General Sir Alfred Reade Godwin-Austen, KCSI, CB, OBE, MC (17 April 1889 – 20 March 1963) was a British Army officer who served during the First and the Second World Wars.

The second son of Lieutenant Colonel A. G. Godwin-Austen, late the 24th and 89th (The Princess Victoria's) Regiment of Foot, Reade Godwin-Austen was born in Frensham, Farnham in Surrey, on 17 April 1889. He was educated at St Lawrence College, Ramsgate, and later at the Royal Military College, Sandhurst, to pursue a military career, following both his father and great-grandfather.

Godwin-Austen was a great-grandson of Major General Sir Henry Godwin, who commanded the British and Indian forces in the Second Anglo-Burmese War. His uncle was Henry Haversham Godwin-Austen, who gave his name to the highest mountain in the Karakoram range; this mountain is now better known as K2.

Upon passing out from Sandhurst, Godwin-Austen was commissioned as a second lieutenant into the South Wales Borderers in 1909.

During his service in the First World War, he was awarded the Military Cross and twice mentioned in despatches while serving as a staff officer with the 13th (Western) Division, a Kitchener's Army formation, at Gallipoli, in Palestine, and in Mesopotamia.
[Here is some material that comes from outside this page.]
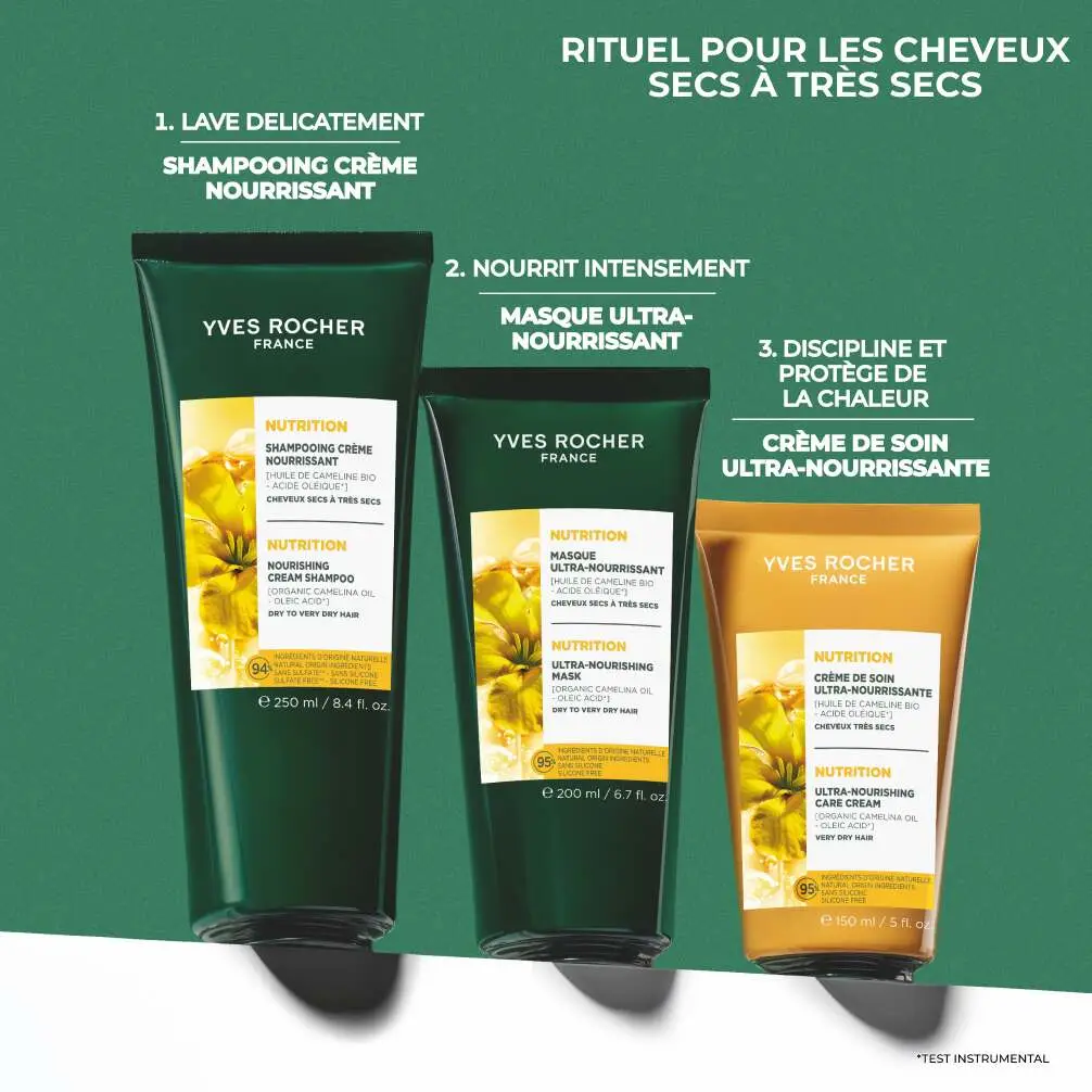 • Type de cheveux : cheveux secs à très secs

In November 1915 he succeeded Douglas Brownrigg as the 13th Division's deputy assistant adjutant and quartermaster general.

Godwin-Austen attended the Staff College, Camberley, as a student from 1924 to 1925, alongside fellow students such as Ivor Thomas, Noel Beresford-Peirse, Vyvyan Pope, Douglas Graham, Michael O'Moore Creagh, Daril Watson, Archibald Nye, Humfrey Gale and Noel Irwin, all of whom rose to high command in the next war. He served in numerous staff positions at the War Office until receiving a position as an instructor at the Royal Military College, Sandhurst.

In February 1930 he was made a major and brevet lieutenant colonel. Due to a lack of promotion in his own regiment, Godwin-Austen transferred as a lieutenant colonel to the Duke of Cornwall's Light Infantry and commanded the 2nd Battalion from 1936 to 1937, before being employed with the British military mission to the Egyptian Army from 1937 to 1938. His next appointment, during the Arab revolt in Palestine, was in successive command of the 13th and 14th Infantry Brigades, the latter post being held until August 1939, shortly before the Second World War began. While in Palestine, Godwin-Austen gained a reputation for being very sympathetic towards and supportive of the Zionist movement. In the conflict between Jewish and Arab residents, he believed the Arabs were "clearly the aggressors" and the Jewish residents of the territory needed to be protected. Godwin-Austen advocated that the British army provide said protection.

On the outbreak of war in September 1939, Godwin-Austen, mentioned in despatches for his services in Palestine, had just been promoted to the acting rank of major general to become General Officer Commanding (GOC) of the 8th Infantry Division. Bernard Montgomery had relinquished command and returned to England to command the 3rd Infantry Division. The understrength division was responsible for internal security in the British Mandate of Palestine. After the division was disbanded in February 1940, Godwin-Austen was nominated in July to command the 2nd (African) Division, which was forming in Kenya. He was again mentioned in despatches in July 1940.